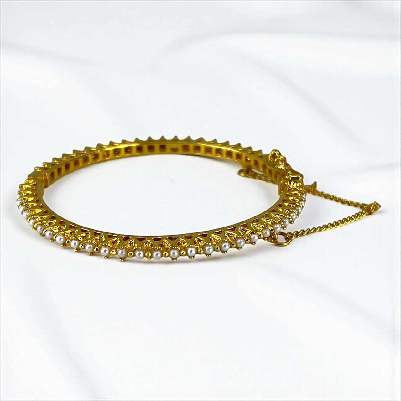 This bangle, which is adorned with exquisite white small pearls, has the ideal blend of understated elegance and brilliant beauty.
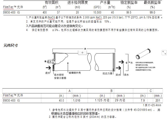 FilmTec™ BW30-400 在要求高品質(zhì)的產(chǎn)水時(shí)是很好的產(chǎn)品選擇。這是市場(chǎng)上第一 款 400 平方英尺的膜元件,繼續(xù)被廣泛用于新設(shè)備和舊系統(tǒng)改造,尤其系統(tǒng)資 金和生產(chǎn)力是考慮因素時(shí)。BW30-400 IG 保持了與 BW30-400 膜元件相同的流量 和脫鹽性能,只不過(guò)它不具備 ANSI 標(biāo)準(zhǔn) 61 認(rèn)證或是 KIWA 認(rèn)證,從而為工業(yè)級(jí) 的應(yīng)用提供了更具成本效益的選擇。
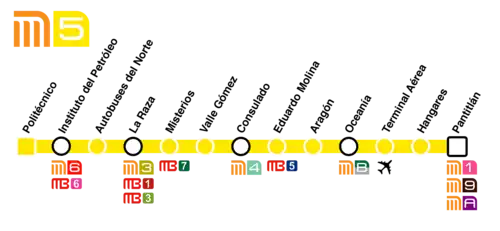 Linka 5 se kříží s linkami metra 1, 3, 4, 6, 9, A, B a linkami Metrobusu 1, 3, 5, 6, 7.
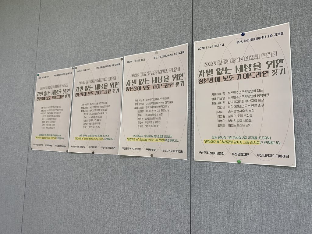 부산민언련은 지난 11월 24일 <차별 없는 세상을 위한 정신장애 보도 가이드라인 찾기> 집담회를 개최했습니다. 정신장애 관련 보도 모니터링, 당사자 미디어비평 교육 등을 통해 마련한 <정신장애 보도 가이드라인(안)>을 공유하는 자리였는데요, 당사자부터 관련 기관, 언론사 그리고 정신장애 보도의 문제를 개선하려는 시민사회, 시의원까지 다양한 토론자와 함께 정신장애 보도 가이드라인에 대한 제언을 모았습니다.
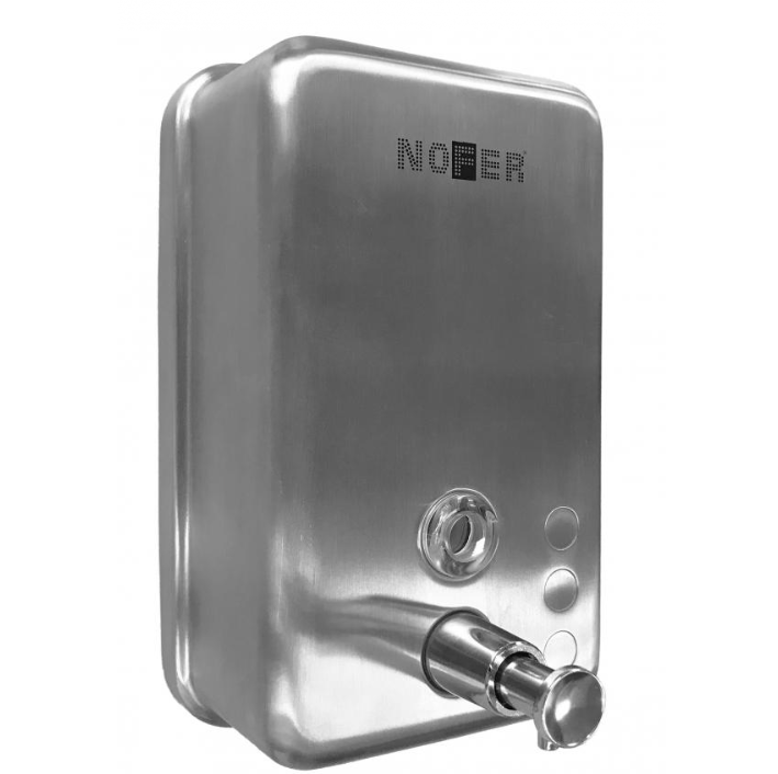 Дозатор для жидкого мыла, Nofer, механический (нажимной), ширина, мм-122, глубина, мм-135, высота, мм-207, ёмкость(мл)-1200, тип установки-настенный, материал колбы-нержавеющая сталь, цвет дозатора-сталь нержавеющая матовая Дозатор для жидкого мыла, Nofer, шгв 122*135*207, цвет дозатора-сталь нержавеющая матовая
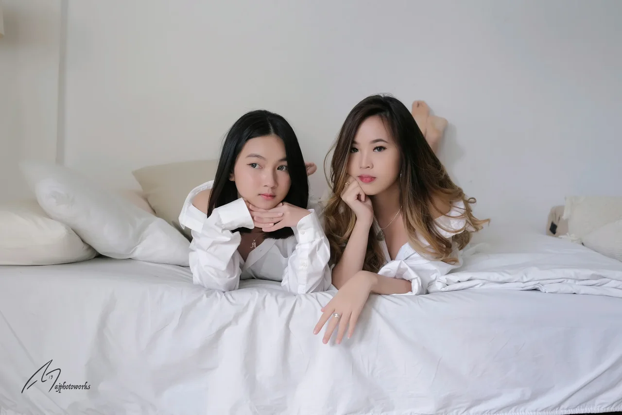 Intimate moments and soft light create a serene atmosphere in this portrait of two women.
|---|
Reproduce the lines of the listing exactly, starting at the one that contains "Дозатор для жидкого мыла, Nofer, механический" and continuing through the final line, but leave out the pictures.

ANSWER BOX ::
 Дозатор для жидкого мыла, Nofer, механический (нажимной), ширина, мм-122, глубина, мм-135, высота, мм-207, ёмкость(мл)-1200, тип установки-настенный, материал колбы-нержавеющая сталь, цвет дозатора-сталь нержавеющая матовая Дозатор для жидкого мыла, Nofer, шгв 122*135*207, цвет дозатора-сталь нержавеющая матовая
 Intimate moments and soft light create a serene atmosphere in this portrait of two women.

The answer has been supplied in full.